So rather than elaborate about how another month has passed without a blog entry- I will just get to the headlines. No time for excuses!
I was 5 months post op yesterday and there is much to report. I'll get to the good stuff first to try and remind myself how far I have come. I am down 93 pounds and have joined the club known to post ops as "Wonderland." It basically means you are finally out of the 200's and back in the one hundreds on the scale. It's been a very long time for me so that was a big moment. I have to do a measurements check- so not sure bout that right now. But I have gone down more sizes since I last checked in...and while this is of course great- some of my new clothes that I bought just a few months ago are already too big and that is crazy!
I am enjoying tons of compliments at work and sometimes it makes me uncomfortable. It's like all of a sudden everyone is noticing and they are stunned. I have told most of my friends and coworkers but there are some I dont know well enough so I just say thanks and try to escape!
I am feeling good most of the time and really enjoying my freedom...just moving around so easily and not feeling so tired and gross all the time.
We went to Storyland last weekend and it was so great going on all the rides again with Nick. Not worrying about not fitting and stuff like that. I know last summer I would not have been able to go on the rides- so that was huge.
Now for the not so great stuff. I am still really struggling with my food choices. I am so limited and I cant believe it has lasted this long. I feel very frustrated and scared that this is not going to change. Every time I try something new and it is a success- the next time I try it- it makes me sick- same old story. I am so tired of protein bars and still cant do the shakes. I did ok with grilled chicken and chicken salad for a few weeks and i was so happy about that. But the last few times I had it-I got sick. I find that if i dont make it myself and completely control it- I get sick. Even if it looks grilled and healthy.
We had a Halloween party for the neighborhood kids yesterday and I had 1 lousy mini meatball and was sick for the entire day. It ruined the party for me and it was awful. I was so mad about it. I feel like its nuts that i cant handle that by this point. Will I ever be able to eat red meat again? I was in pain all through the party and tried to ignore it- I was so busy keeping things going. I tried to throw up but couldnt until about 4 hours later when I finally did. I felt better after but I was so drained- I lost the entire day so only had about 10 ounces of water all day and about the same for protein.
Now to the hairy scary hair situation. I am losing hair like crazy- and I mean huge clumps every day in the shower. I remember reading a book pre-op and there was a chapter called "build your own kitty kit." Now I know why. Thank god I started out with a ton of hair, so I hope no one knows but me, but man it's getting dicey. It's been going on for about a full month...and I dont know how long it will last. They say to up your protein and get some special shampoo. I have trouble just getting in my 60 ounces of protein now...but I am trying. I have to find the shampoo too.
I dont think I wrote about the new support group I attended. It's a smaller post op gathering at Winchester Hospital and we had our first mtg last month. It was really good and I look forward to meeting more people at the next one. It is so much better than the general one I go to every month because everyone has already had the surgery so we can really talk about some of the more specific things we are dealing with.

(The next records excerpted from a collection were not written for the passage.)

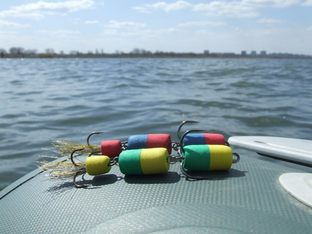 - В магазине для детей продаётся множество изделий, которые изготовлены из специального материала – пенополиуретана. Такой материал подходит для наших целей, потому что он мягкий, плотный и имеет положительную плавучесть. Покупая изделие, желательно заранее обдумать будущую цветовую гамму приманки. Если в продаже мы не найдем подходящую цветовую гамму, тогда можно самостоятельно добиться желаемого цвета. Нужно нарезать части, а потом склеить их в одну заготовку обыкновенным клеем (момент).
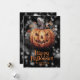 Feliz cartão de Dia das Bruxas com uma abóbora assustadora com folhas de outono em fundo preto. Personalize facilmente este cartão de Dia das Bruxas com seu nome e texto de família.
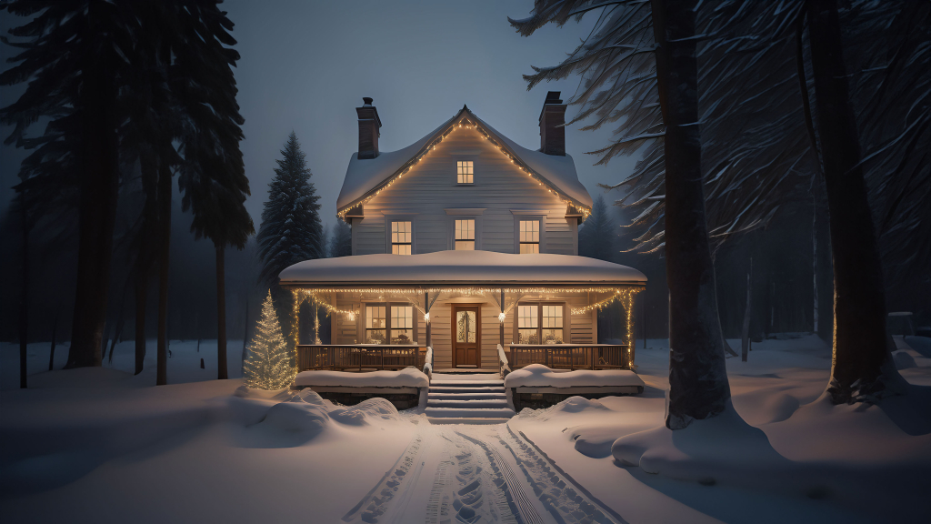 Immerse yourself in the warmth of the scene as the house stands out against the snowy backdrop. The contrast between the festive lights and the white expanse of snow creates a captivating tableau, evoking the magic and charm of a winter day filled with Christmas spirit.
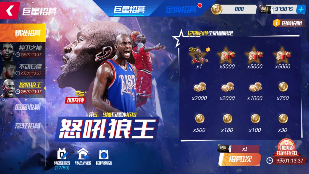 活动期间,可使用【精准招募函】在【精准招募-怒吼狼王】池中,招募全明星队加内特。每次“抽一次”,则随机解锁一个奖励格,获取奖励格中的“全明星球员”或“转会费”。至多抽取12次,成功将全明星队加内特签约入队!
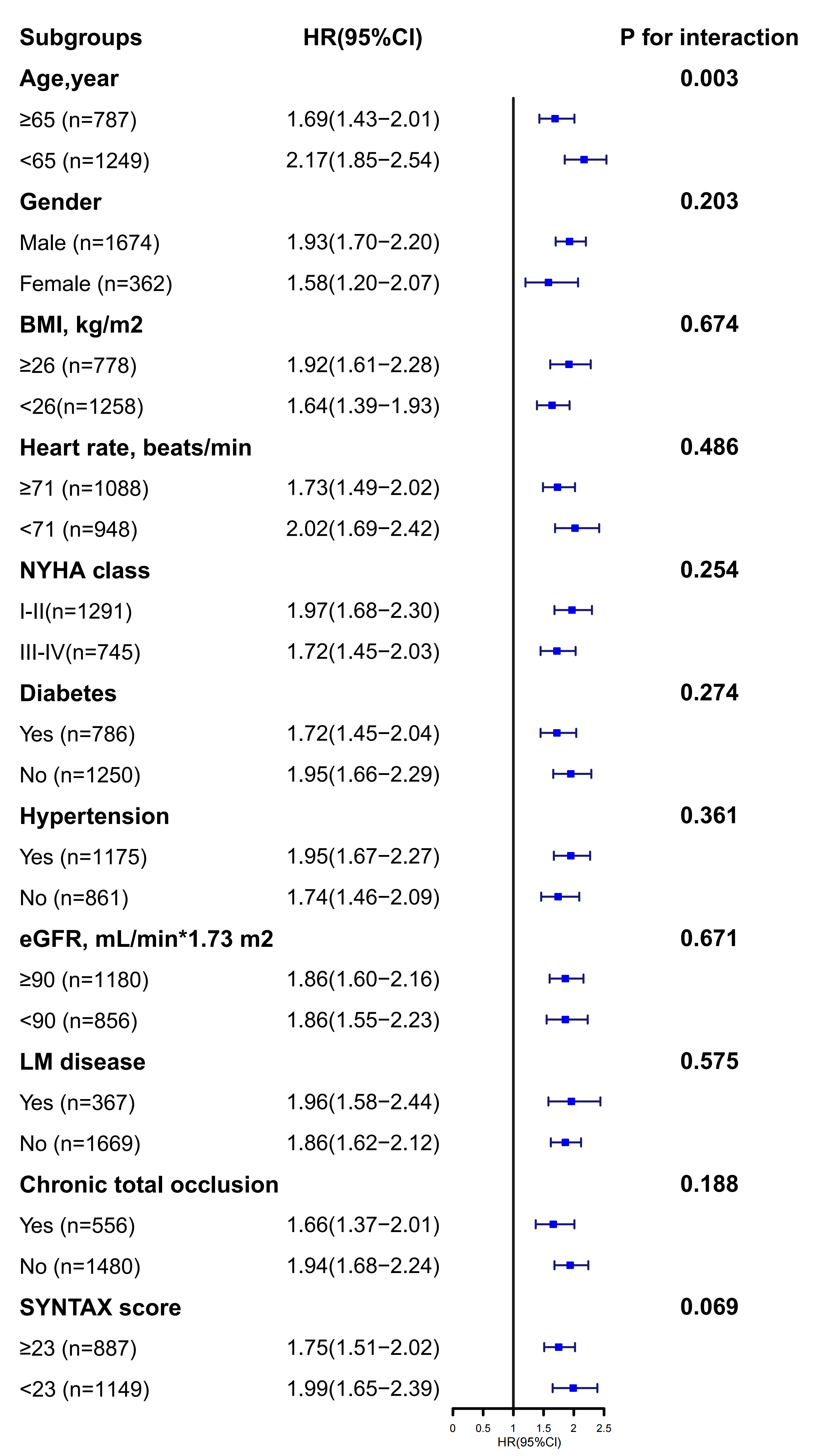 In Fig. 4, significant interactions were not detected in the majority of subgroups, except for the age subgroup. The predictive value of AIP for MACE was notably stronger in the younger patient subgroup (pinteraction = 0.003).
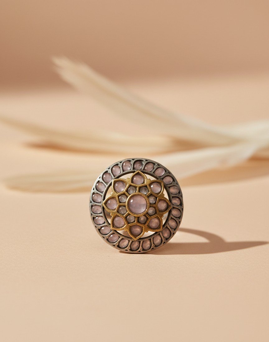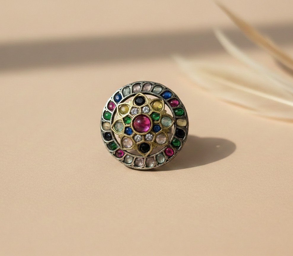 A statement ring featuring a lotus-inspired circular design with finely set stones in an antique finish. Crafted to balance colour, symmetry, and Indian heritage, perfect for ethnic and fusion wear.

I got a really nice email from someone who stumbled upon my blog that made my day.
She called me an inspiration and that is just incredible to me! So thank you Charlotte for inspiring me to get back to blogging, because it really helps me to keep things in perspective. You reminded me that the number one reason I did this was for Nick, and that has been a total success...because I know I am a healther mom and can keep up with him now. I know he won't be embarrassed of me like I so feared 93 pounds ago, and I know I can go on the rides with him, play tag, or do whatever else comes our way. So for that I am grateful.